Below are records; the lines starting at the one with "2017年中國(guó)兩岸" and ending at the one with "高温滅菌と薬品消毒に耐えうる" must be reproduced exactly, both included. Pictures must not appear.

• Given data
----

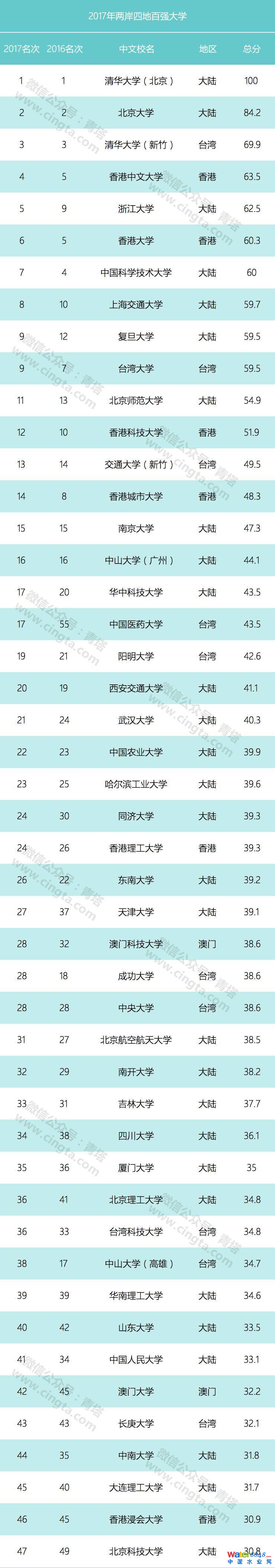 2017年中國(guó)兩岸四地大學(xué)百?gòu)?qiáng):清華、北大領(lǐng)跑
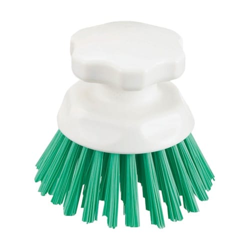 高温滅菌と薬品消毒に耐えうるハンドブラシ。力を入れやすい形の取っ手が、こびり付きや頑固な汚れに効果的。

----

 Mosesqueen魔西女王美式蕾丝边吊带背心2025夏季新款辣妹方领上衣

----

• Task solution
 2017年中國(guó)兩岸四地大學(xué)百?gòu)?qiáng):清華、北大領(lǐng)跑
 高温滅菌と薬品消毒に耐えうるハンドブラシ。力を入れやすい形の取っ手が、こびり付きや頑固な汚れに効果的。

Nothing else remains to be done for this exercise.